*SOURCE MATERIAL*
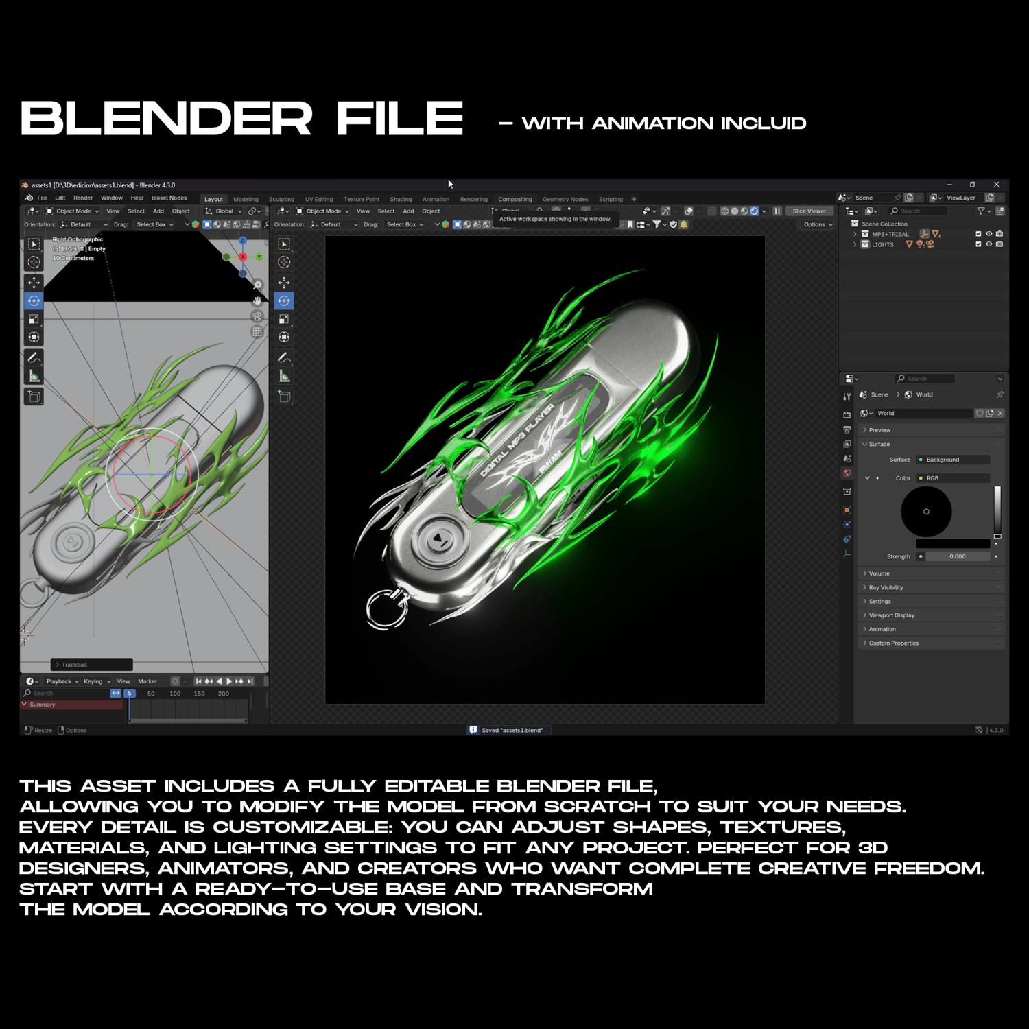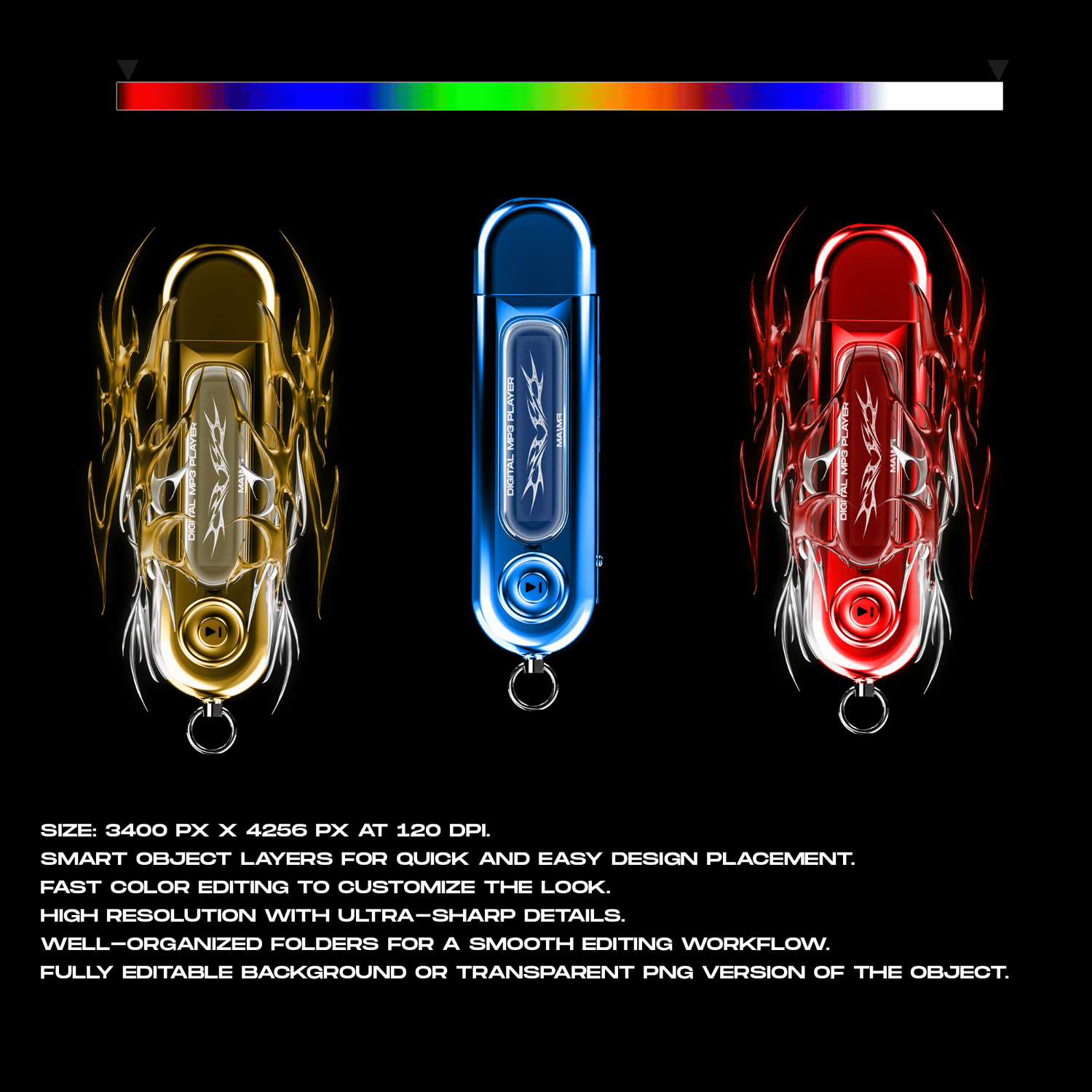Retro-Futuristic MP3 Player Asset with Tribal Flames
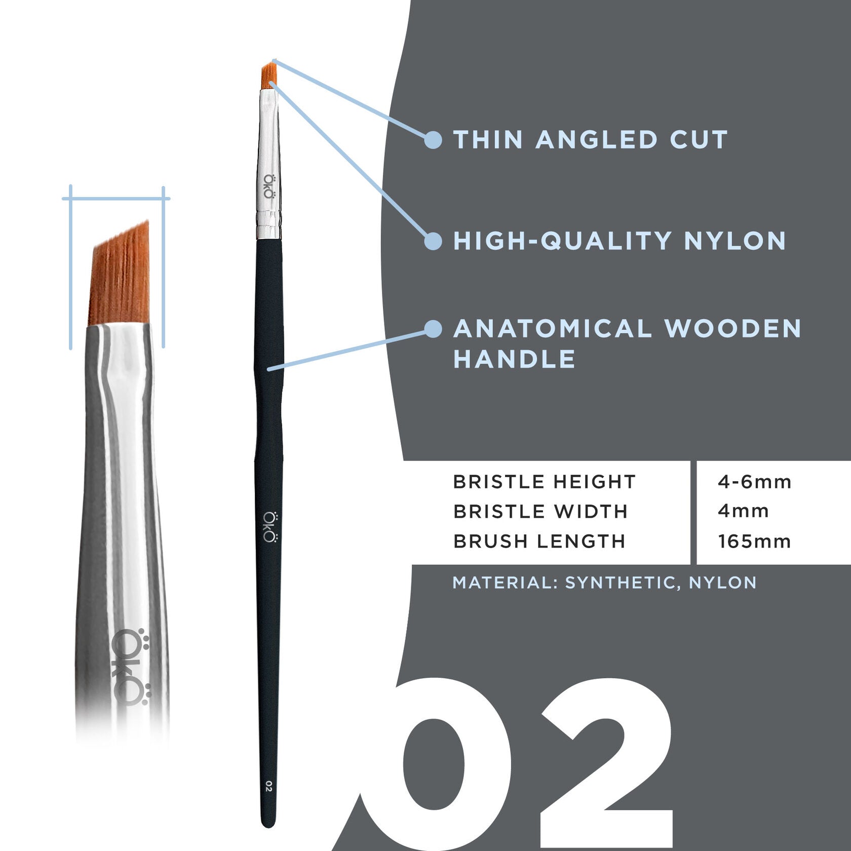 OKO Brush No.2 er perfekt for ultrafine linjer og lagvis farging. Den kompakte størrelsen og den skrå formen gjør det enkelt å jobbe presist i selv de mest krevende områdene av brynene, uten å berøre hårene.
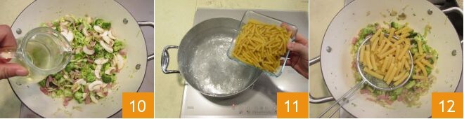 Une fois le fond bien revenu, ajustez le sel sans exagérer, déglacez avec le vin blanc 10 et laissez l'alcool s'évaporer avant de baisser le feu et continuer la cuisson pendant encore 10 minutes. Pendant ce temps, plongez les pâtes dans de l'eau bouillante salée 11, dès qu'elles sont al dente, égouttez-les directement dans la poêle 12.
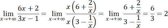 , wyciągając najwyższy czynnik przed nawias w liczniku i w mianowniku i zauważ, że granica jest właściwa.

*EXERCISE INSTRUCTIONS*
Omit the pictures, then quote the rest of the material above exactly.

*TASK RESULT*
Retro-Futuristic MP3 Player Asset with Tribal Flames
 OKO Brush No.2 er perfekt for ultrafine linjer og lagvis farging. Den kompakte størrelsen og den skrå formen gjør det enkelt å jobbe presist i selv de mest krevende områdene av brynene, uten å berøre hårene.
 Une fois le fond bien revenu, ajustez le sel sans exagérer, déglacez avec le vin blanc 10 et laissez l'alcool s'évaporer avant de baisser le feu et continuer la cuisson pendant encore 10 minutes. Pendant ce temps, plongez les pâtes dans de l'eau bouillante salée 11, dès qu'elles sont al dente, égouttez-les directement dans la poêle 12.
 , wyciągając najwyższy czynnik przed nawias w liczniku i w mianowniku i zauważ, że granica jest właściwa.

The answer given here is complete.